Cliches, melodrama overthrow 'Emperor'

By Nicole Rodriguez


"How will history remember you?" Kevin Kline asks of a classroom full of students in the new Universal Pictures Release "The Emperor's Club." The question, which is displayed prominently in the film's trailer, is meant to give the target audience the impression that this film is deep and thought-provoking. Sadly, "Club" doesn't even come close to living up to these first impressions.

Kline plays William Hundert, a passionate classics professor at a posh all-boy boarding school reminiscent of that seen in 1989's "Dead Poets Society." The story centers on the arrival of Sedgewick Bell (Emile Hirsch of "The Dangerous Lives of Altar Boys") in the early 1970s. Sedgeweck is a spoiled, self-centered son of a senator who prides himself on his ability to stir up mischief and hide from punishment behind his father's bank account.

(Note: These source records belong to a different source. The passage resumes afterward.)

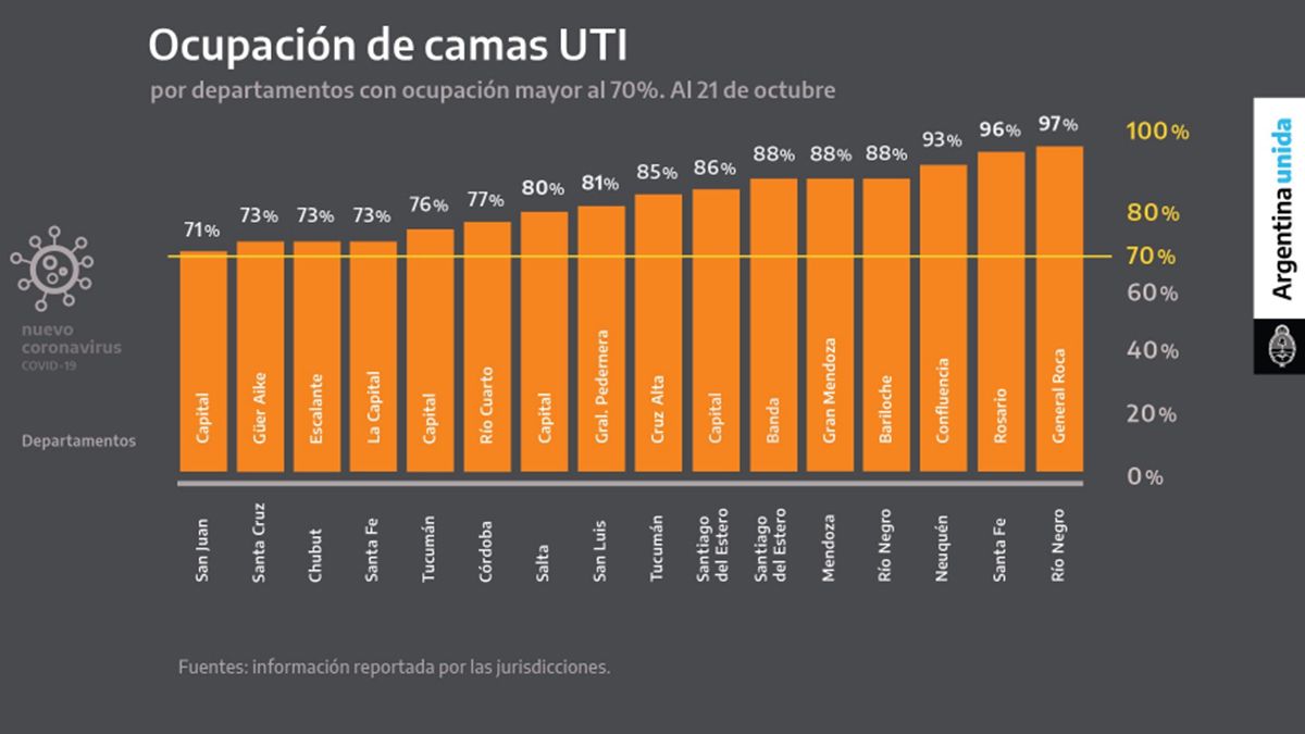 "En ocho provincias se concentra el 55% de los contagios de la Argentina", recalcó al referirse a la reunión que mantuvo el jueves con los mandatarios de esas jurisdicciones, entre ellos el mendocino Rodolfo Suarez. "Decidí concentrar el esfuerzo allí porque tienen la gran proporción de los casos. Notamos estrés en la atención sanitarios con el personal agotado y hospitales colmados. El nivel de saturación está al límite como en Neuquén, en General Roca, o en el Gran Mendoza. Y el problema es que se ha extendido a los ciudades cercanas", apuntó.
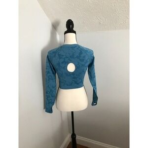 Gymshark Women's Top Blue Camo Long Sleeve Ruched Chest Cropped - Size Medium
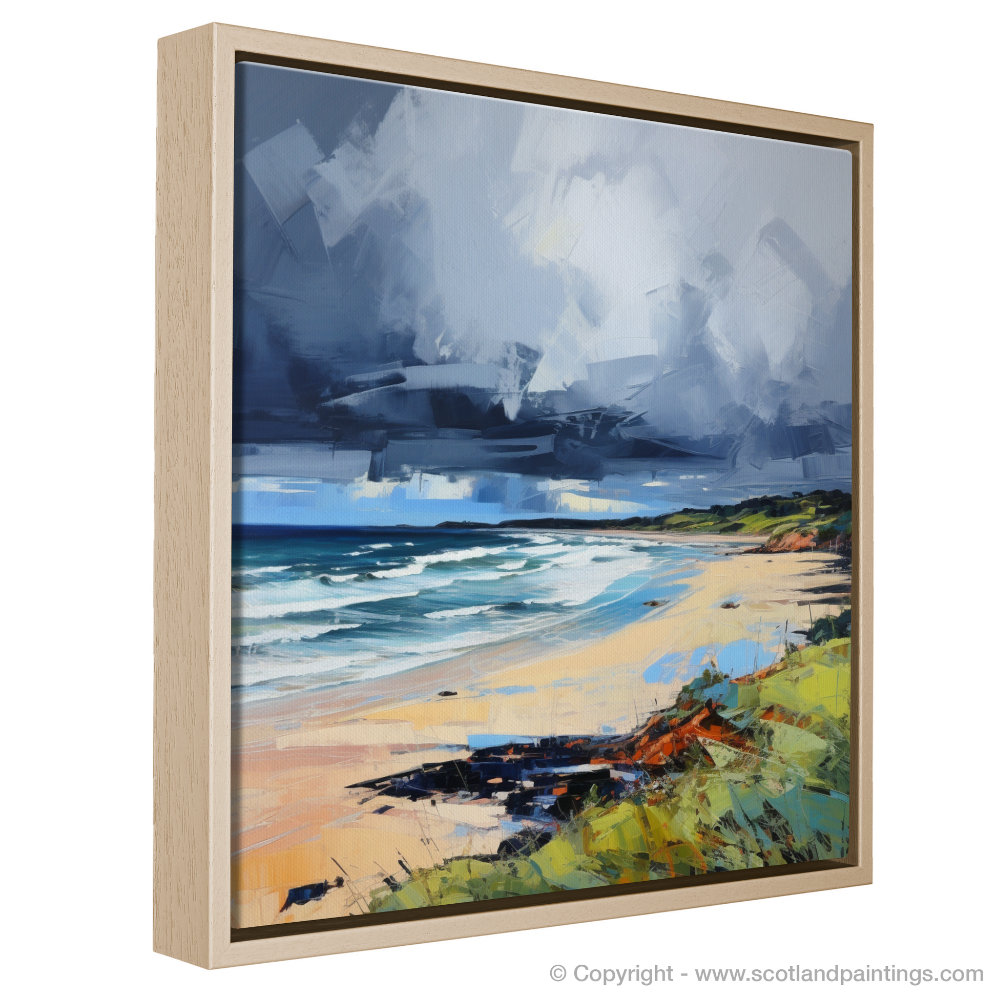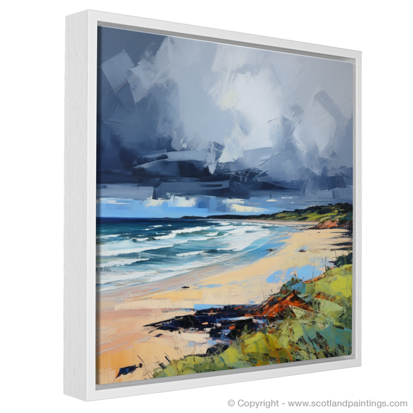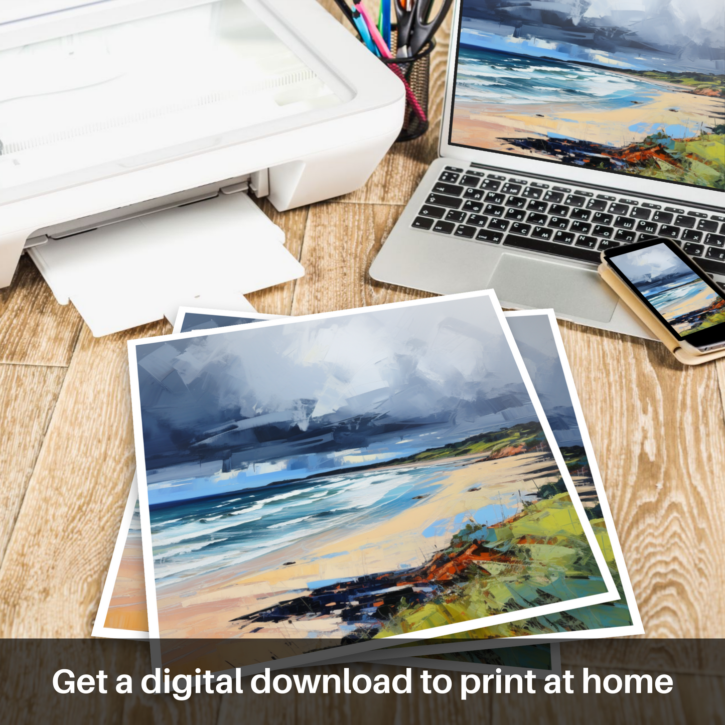 Capturing the raw beauty and dramatic ambience of Gullane Beach, this expressionist rendering invites the onlooker to witness the tempestuous side of Scotland's coastline. The image is a vivid tableau, alive with the play of contrast and movement, where the untamed waves of the tumultuous sea meet the tranquil shores.

Sure that he can reach the student behind the pranks, William dedicates his career toward helping Sedgewick reach his academic potential. Only the road to achieving this goal isn't as smooth as William originally thinks, and he finds that his experiences with Sedgewick continue to haunt him twenty-five years later.

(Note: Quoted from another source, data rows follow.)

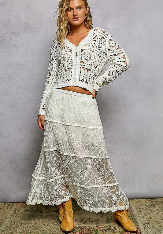 POL Button Down V-Neck Long Sleeve Cropped Crochet Cardigan
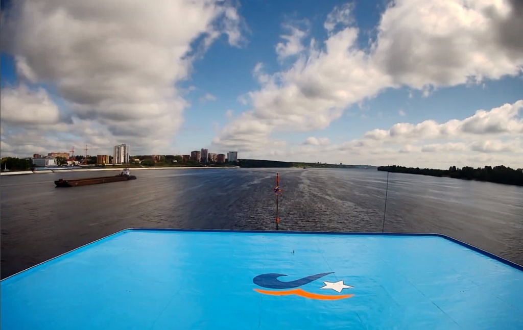 28 июня 2024 года - в 8.50 местного ( 6.50 моск.вр) - "Огни большого города" идёт по Каме у Краснокамска. в это же время, это же место с его бортовой камеры
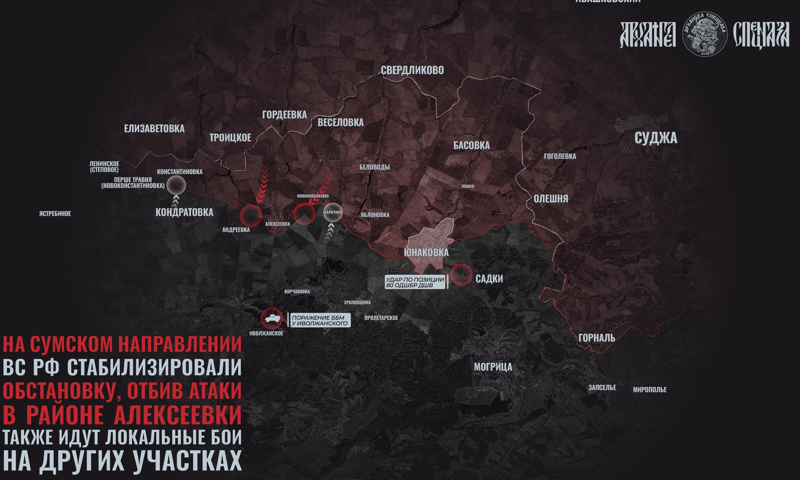 На Сумском направлении ВСУ активно пытались вклиниться в районе Алексеевки с двух сторон, но наши подразделения провели контратаку и отбили основные попытки. Сейчас обстановка стабилизировалась, новых заходов не отмечено. При этом идет зачистка остатков разрозненных групп у села.
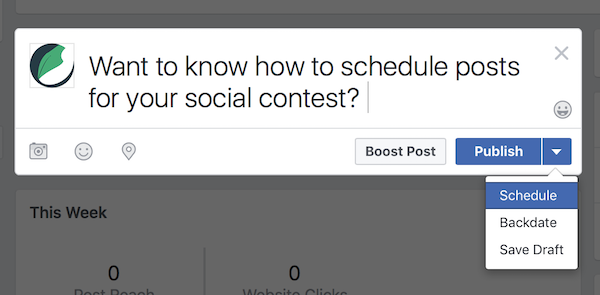 Timing can make a world of difference, and intentionally spacing out the posts promoting your contest can help you get the best results. Plan on having some content to go out at your peak morning hours, and the next day’s post to go live during your peak evening hours.The ability to upload posts ahead of time.

Although the film's performances (those by Kline and Hirsch, in particular) are quite impressive, "The Emperor's Club" never manages to live up to its pre-release hype. Screenwriter Neil Tolkin, who's last project was the Pauly Shore flop "Jury Duty," provides the actors with lines that are as sappy as they are forgettable. He's trying so hard to recreate "Dead Poets Society" that he fails to realize the one thing that made "Society" successful was its ability to be simultaneously touching and honest without ever becoming melodramatic and overly-sentimental. "Club," on the other hand, is only the latter two.

The characters in this film are bland and one-dimensional, as though the writers have taken every cliche from the troubled student to the dedicated professor and jam-packed them into a two-hour vehicle.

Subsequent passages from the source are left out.